«Der Bund», 4. 5. 2018

Mit Reisebegleiter sprachkundig speisen

Bald könnte es vorbei sein mit Herrlichkeiten wie «Lende des nebelhaften Kalbs» oder «Grosse Bohrungen des Essigs». Denn diese Fundstücke aus der Rubrik «Schoenstes Reisfuhrer» in der «SonntagsZeitung» sind spanischen Restaurants zu verdanken, die offensichtlich nicht nur hausgemachte Speisen anbieten, sondern auch ebensolche Übersetzungen. Sobald die Wirtsleute aber entdecken, dass es jetzt «den Duboux» im Internet gibt, können sie ihre fremdsprachigen Speisekarten professionell aufmöbeln.

Der Duboux – auf Anführungszeichen können wir wie beim Duden verzichten – ist ein renommiertes Wörterbuch für Fachausdrücke aus Gastronomie, Nahrungsmittelindustrie, Hotellerie und Touristik, und er war bisher nur in vielerlei gedruckten Ausführungen erschienen (www.duboux.com).
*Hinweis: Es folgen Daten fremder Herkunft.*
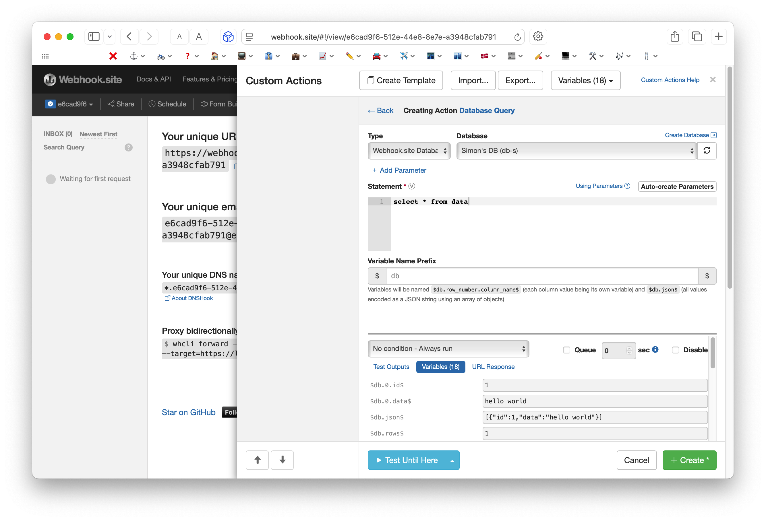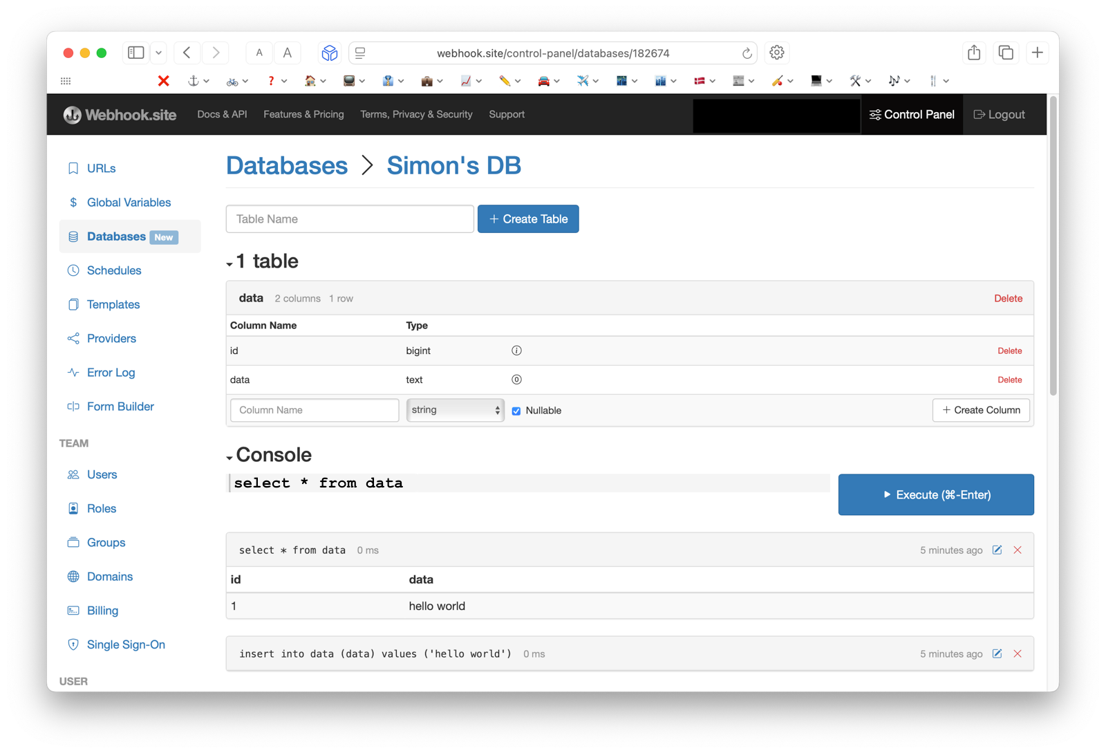 Additionally, with Webhook.site's simple API, you can manage your Database, including running SQL queries.

Den Wortschatz hat das Ehepaar Marianne und Jean-Pierre Duboux zusammengetragen, das in Thun einen Lektoratsdienst für Texte aus den genannten Branchen betreibt. Jetzt stellen die Duboux ihr Lebenswerk ins Internet und leisten damit nicht nur Fachkreisen, sondern auch der interessierten Öffentlichkeit einen gewaltigen Dienst. Zugleich suchen sie Nachfolger, welche die Redaktionsarbeit übernehmen.

Das Online-Wörterbuch (www.duboux.net) umfasst Deutsch, Englisch, Französisch, Italienisch, Rätoromanisch, Niederländisch, Portugiesisch, Spanisch, Katalanisch sowie – für botanische und zoologische Bezeichnungen – Latein. Suchwörter kann man in jeweils einer dieser Sprachen eingeben; wichtig ist es, dabei Prozentzeichen zu verwenden, wie in der eingebauten Hilfe beschrieben. Für die Ausgabe der Übersetzungen lassen sich mehrere Sprachen gleichzeitig wählen.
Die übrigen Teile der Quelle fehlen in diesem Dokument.